• Required work: The response should consist of the data below, copied exactly, with no pictures in it.

• Data to process:

--- START ---

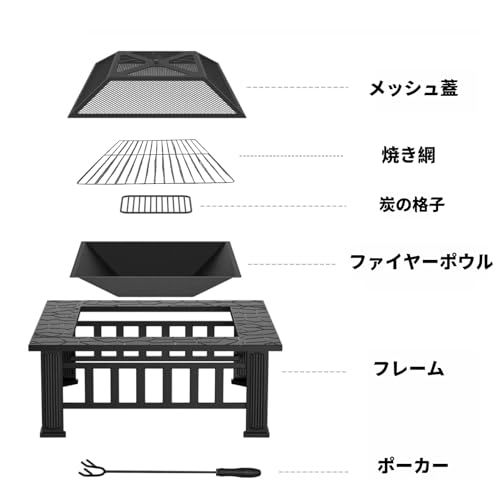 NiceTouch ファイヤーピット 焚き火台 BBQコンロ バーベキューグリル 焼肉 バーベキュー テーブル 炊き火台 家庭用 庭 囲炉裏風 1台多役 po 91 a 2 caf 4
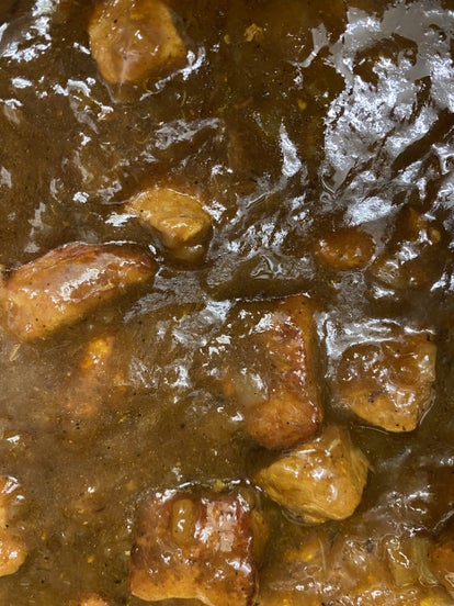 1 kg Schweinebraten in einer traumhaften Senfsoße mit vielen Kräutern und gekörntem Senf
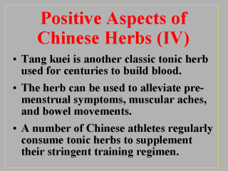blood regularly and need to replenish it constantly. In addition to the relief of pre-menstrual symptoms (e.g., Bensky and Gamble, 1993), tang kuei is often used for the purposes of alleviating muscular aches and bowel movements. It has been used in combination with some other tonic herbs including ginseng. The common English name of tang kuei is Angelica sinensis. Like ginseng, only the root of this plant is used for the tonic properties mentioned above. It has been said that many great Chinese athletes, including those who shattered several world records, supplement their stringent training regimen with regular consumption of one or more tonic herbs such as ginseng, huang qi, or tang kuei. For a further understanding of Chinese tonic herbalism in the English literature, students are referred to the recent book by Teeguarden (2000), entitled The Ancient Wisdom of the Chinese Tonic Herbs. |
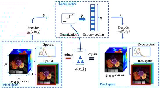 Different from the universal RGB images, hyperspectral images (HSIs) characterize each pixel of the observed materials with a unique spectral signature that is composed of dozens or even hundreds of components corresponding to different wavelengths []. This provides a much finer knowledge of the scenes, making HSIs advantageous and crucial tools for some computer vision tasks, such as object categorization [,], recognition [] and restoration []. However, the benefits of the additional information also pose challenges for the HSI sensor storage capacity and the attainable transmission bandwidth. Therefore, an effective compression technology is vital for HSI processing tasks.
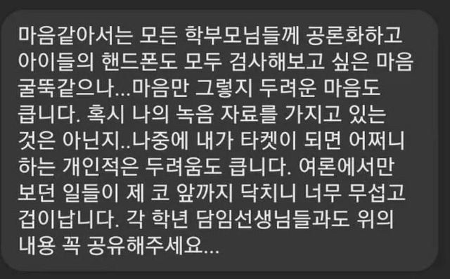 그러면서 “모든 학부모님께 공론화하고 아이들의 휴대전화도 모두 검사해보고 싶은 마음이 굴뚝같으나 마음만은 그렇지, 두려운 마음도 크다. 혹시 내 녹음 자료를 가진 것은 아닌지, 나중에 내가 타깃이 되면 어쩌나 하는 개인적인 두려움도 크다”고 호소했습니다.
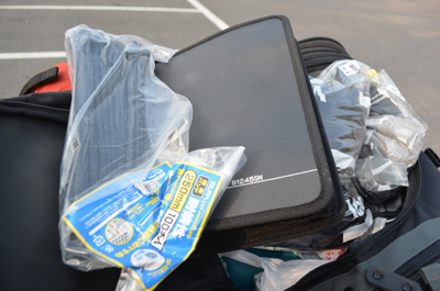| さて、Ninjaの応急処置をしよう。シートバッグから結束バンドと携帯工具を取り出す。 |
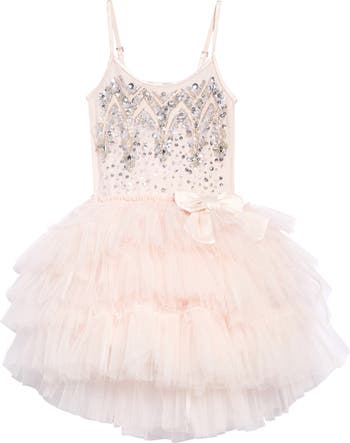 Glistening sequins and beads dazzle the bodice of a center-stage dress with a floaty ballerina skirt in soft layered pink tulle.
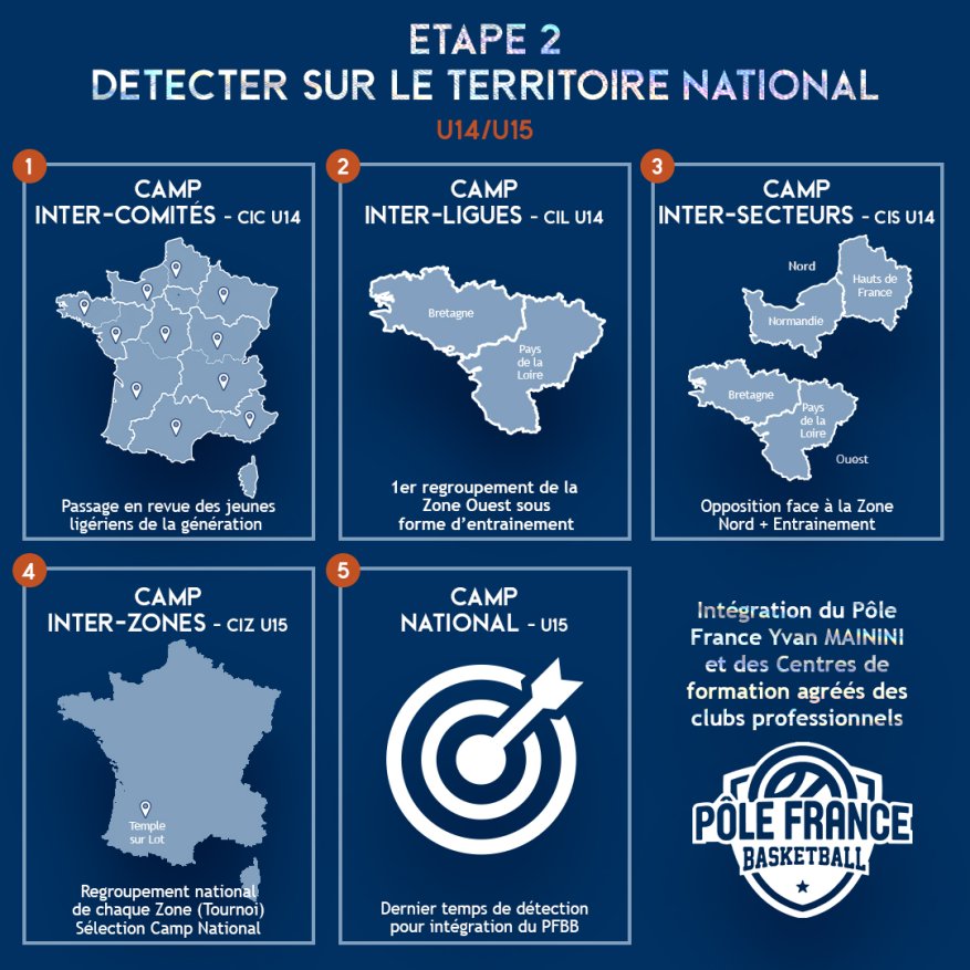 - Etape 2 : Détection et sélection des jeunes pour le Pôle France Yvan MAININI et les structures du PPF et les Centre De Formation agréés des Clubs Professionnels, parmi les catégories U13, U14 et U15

--- END ---

• Expected output:
 NiceTouch ファイヤーピット 焚き火台 BBQコンロ バーベキューグリル 焼肉 バーベキュー テーブル 炊き火台 家庭用 庭 囲炉裏風 1台多役 po 91 a 2 caf 4
 1 kg Schweinebraten in einer traumhaften Senfsoße mit vielen Kräutern und gekörntem Senf
blood regularly and need to replenish it constantly. In addition to the relief of pre-menstrual symptoms (e.g., Bensky and Gamble, 1993), tang kuei is often used for the purposes of alleviating muscular aches and bowel movements. It has been used in combination with some other tonic herbs including ginseng. The common English name of tang kuei is Angelica sinensis. Like ginseng, only the root of this plant is used for the tonic properties mentioned above. It has been said that many great Chinese athletes, including those who shattered several world records, supplement their stringent training regimen with regular consumption of one or more tonic herbs such as ginseng, huang qi, or tang kuei. For a further understanding of Chinese tonic herbalism in the English literature, students are referred to the recent book by Teeguarden (2000), entitled The Ancient Wisdom of the Chinese Tonic Herbs. |
 Different from the universal RGB images, hyperspectral images (HSIs) characterize each pixel of the observed materials with a unique spectral signature that is composed of dozens or even hundreds of components corresponding to different wavelengths []. This provides a much finer knowledge of the scenes, making HSIs advantageous and crucial tools for some computer vision tasks, such as object categorization [,], recognition [] and restoration []. However, the benefits of the additional information also pose challenges for the HSI sensor storage capacity and the attainable transmission bandwidth. Therefore, an effective compression technology is vital for HSI processing tasks.
 그러면서 “모든 학부모님께 공론화하고 아이들의 휴대전화도 모두 검사해보고 싶은 마음이 굴뚝같으나 마음만은 그렇지, 두려운 마음도 크다. 혹시 내 녹음 자료를 가진 것은 아닌지, 나중에 내가 타깃이 되면 어쩌나 하는 개인적인 두려움도 크다”고 호소했습니다.
| さて、Ninjaの応急処置をしよう。シートバッグから結束バンドと携帯工具を取り出す。 |
 Glistening sequins and beads dazzle the bodice of a center-stage dress with a floaty ballerina skirt in soft layered pink tulle.
 - Etape 2 : Détection et sélection des jeunes pour le Pôle France Yvan MAININI et les structures du PPF et les Centre De Formation agréés des Clubs Professionnels, parmi les catégories U13, U14 et U15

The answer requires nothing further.